Fitzgerald is probably interesting in adding a bit of history to his resume. It would be a crowning career achievement for a prosecutor to get a president impeached, regardless of politics.
I wonder if the Truth will ever sink into the American people.
Actually, "liar" is too kind a word to use in describing Joe Wilson. He is a traitor who peddled lies in an effort to subvert a sitting President at a time of war for a potential cabinet seat in a Kerry administration.
Don't know about the whole article, but the first snipets are dead on.
Here's something I didn't know until yesterday:
"Could one story about Joe Wilson, any one story, mention that he was working for the Kerry campaign?
"He was a foreign policy advisor to Kerry and Kerry's election website linked to Traitor Joe's.
"Then the Senate Select Committee on Intelligence showed Wilson to be a liar.

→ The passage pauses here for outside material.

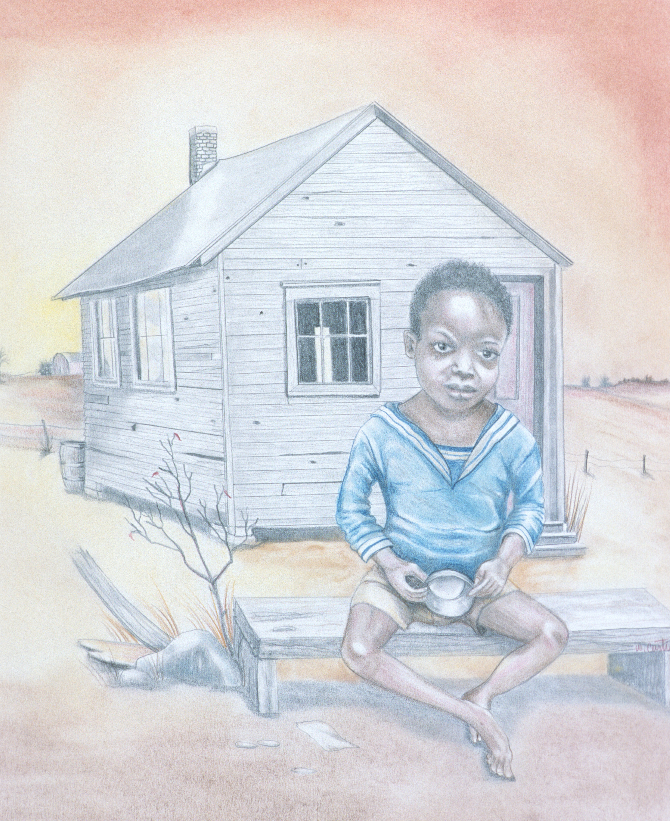 - A little boy sits outside his home.

"They put the rat under oath and all his smug assertions evaporated into admissions of using "literary license", "must have misspoke" and the ubiquitous charge that the reporter misunderstood what he's said.
"Only then did Kerry drop him.
"That relationship taints everything Wilson did and said.

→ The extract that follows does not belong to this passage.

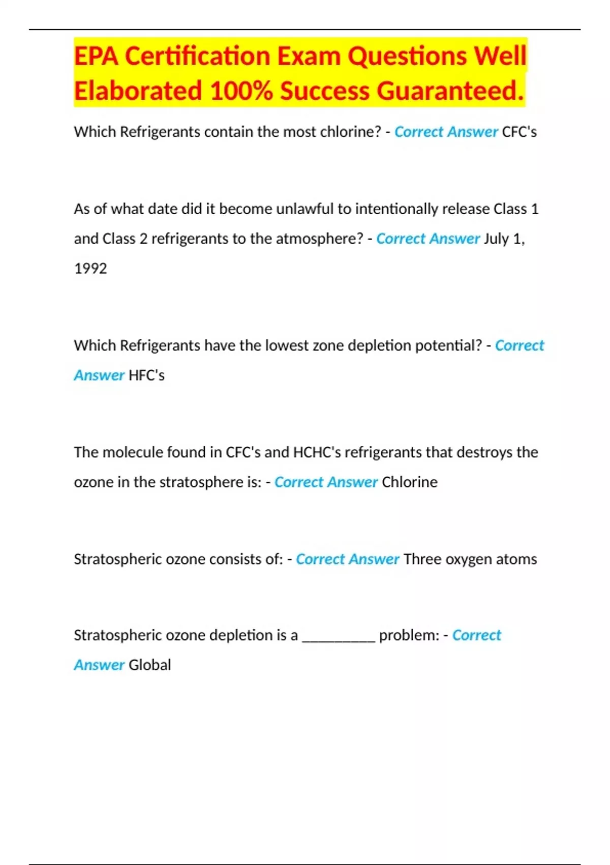 EPA Certification Exam Questions Well Elaborated 100% Success Guaranteed.

"But the MSM won't ever bother to mention it because they know the American people will factor his partisan ambitions in.

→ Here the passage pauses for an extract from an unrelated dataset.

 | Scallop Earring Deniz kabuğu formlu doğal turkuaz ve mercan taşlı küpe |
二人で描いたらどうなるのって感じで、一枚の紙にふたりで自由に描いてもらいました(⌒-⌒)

"Between Wilson's lies and Berger's theft/destruction of classified documents the Kerry Administration will forever stand out as one that managed to have major scandals without even getting elected. "
13 posted on 04/10/2006 7:25:45 AM PDT by Dilbert56
http://www.freerepublic.com/focus/f-news/1612370/posts?page=13#13
Best Article I have read in the 4 months of 2006! However, Fitzgerald does not gain anything by proving Wilson is a liar. On the other hand he will become immortal if he "gets" Bush. I would predict that Fitzgerald will go after the President.
Presumably the last line, about whether Fitzgerald is out to get the truth or out to get the Bush administration, is a rhetorical question.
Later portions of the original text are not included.